▶ [Goal of the exercise]
Set every entry down again exactly, excluding any pictures.

▶ [Extracted information]
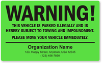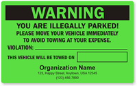 Of course, they can! We offer custom illegal parking stickers in different legends and fluorescent orange, yellow, and green colors. These can be easily personalized with a company name, logo, and contact information with the help of our user-friendly customization wizard.
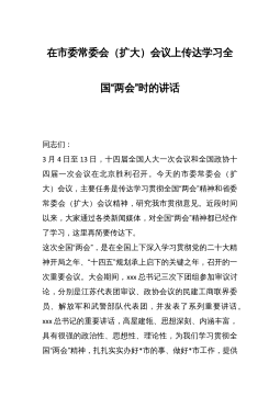 X书记在市委常委会扩大会议的主持讲话稿(关于两会精神)
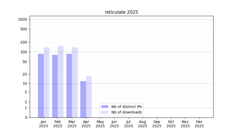 Number of downloads for experiment package reticulate, year by year, from 2025 back to 2014 (years with no downloads are omitted):
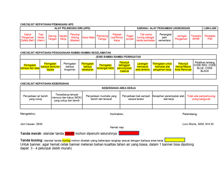 CHECKLIST KEPATUHAN PENGGUNAAN RAMBU-RAMBU KESELAMATAN
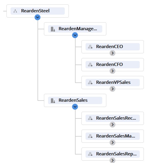 Positions are subordinate to an organization unit in the organization model. An organization unit can have many positions. Positions cannot be nested, although organization units can. In the following example, ReardenManagement and ReardenSales are organization units under the ReardenSteel organization. Each of the organizational unit has three positions.
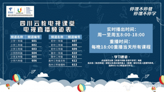 目前,中国电信四川公司IPTV教育频道“停课不停教 停课不停学”专区课程安排第一周课表已经发布,后续将提前一天下发次日课表,引导广大学生收看直播和点播。届时,将通过四川电信公众号、微信微博、网厅、掌厅等电子渠道,10000号客服座席,以及省教育厅官微“四川教育发布”发布公告。
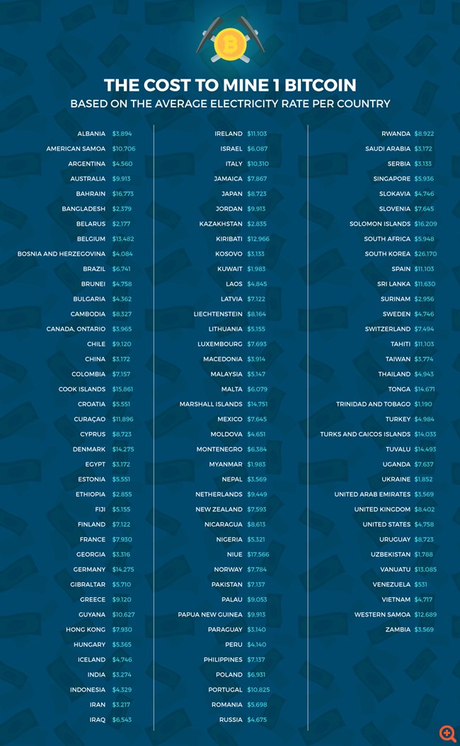 Η εταιρεία Elite Fixtures προχώρησε σε μία έρευνα ανά τον κόσμο σχετικά με τη μέση τιμή του ηλεκτρικού ρεύματος και συνέταξε έναν πίνακα με το κόστος της εξόρυξης ενός bitcoin σε 115 χώρες με βάση τις χρεώσεις του ηλεκτρικού.
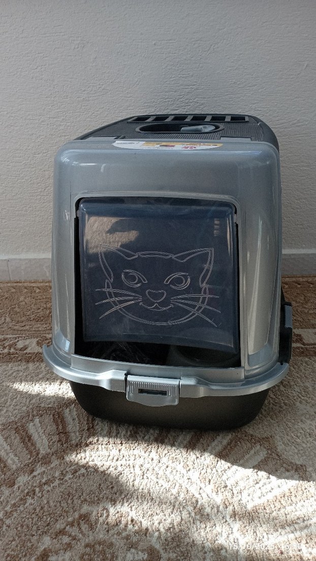 Ön kapakta kedi yüzü tasarımı bulunan gri kedi tuvalet kutusu. Temiz kullanılmıştır. Kırığı yoktur. Elden alabailecek olanlar yazsın lütfen.
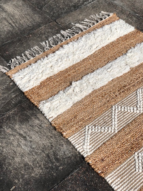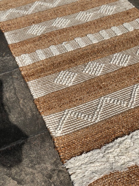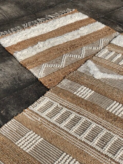 Nuestras alfombras de YUTE & ALGODÓN son confeccionadas con una mezcla de ambas fibras naturales. Es un tejido plano de características similares a un Kilim. Liviano y de poco espesor, son ideales para cuando se quiere cubrir un área sin invertir demasiado.

▶ [Response box]
 Of course, they can! We offer custom illegal parking stickers in different legends and fluorescent orange, yellow, and green colors. These can be easily personalized with a company name, logo, and contact information with the help of our user-friendly customization wizard.
 X书记在市委常委会扩大会议的主持讲话稿(关于两会精神)
 Number of downloads for experiment package reticulate, year by year, from 2025 back to 2014 (years with no downloads are omitted):
 CHECKLIST KEPATUHAN PENGGUNAAN RAMBU-RAMBU KESELAMATAN
 Positions are subordinate to an organization unit in the organization model. An organization unit can have many positions. Positions cannot be nested, although organization units can. In the following example, ReardenManagement and ReardenSales are organization units under the ReardenSteel organization. Each of the organizational unit has three positions.
 目前,中国电信四川公司IPTV教育频道“停课不停教 停课不停学”专区课程安排第一周课表已经发布,后续将提前一天下发次日课表,引导广大学生收看直播和点播。届时,将通过四川电信公众号、微信微博、网厅、掌厅等电子渠道,10000号客服座席,以及省教育厅官微“四川教育发布”发布公告。
 Η εταιρεία Elite Fixtures προχώρησε σε μία έρευνα ανά τον κόσμο σχετικά με τη μέση τιμή του ηλεκτρικού ρεύματος και συνέταξε έναν πίνακα με το κόστος της εξόρυξης ενός bitcoin σε 115 χώρες με βάση τις χρεώσεις του ηλεκτρικού.
 Ön kapakta kedi yüzü tasarımı bulunan gri kedi tuvalet kutusu. Temiz kullanılmıştır. Kırığı yoktur. Elden alabailecek olanlar yazsın lütfen.
 Nuestras alfombras de YUTE & ALGODÓN son confeccionadas con una mezcla de ambas fibras naturales. Es un tejido plano de características similares a un Kilim. Liviano y de poco espesor, son ideales para cuando se quiere cubrir un área sin invertir demasiado.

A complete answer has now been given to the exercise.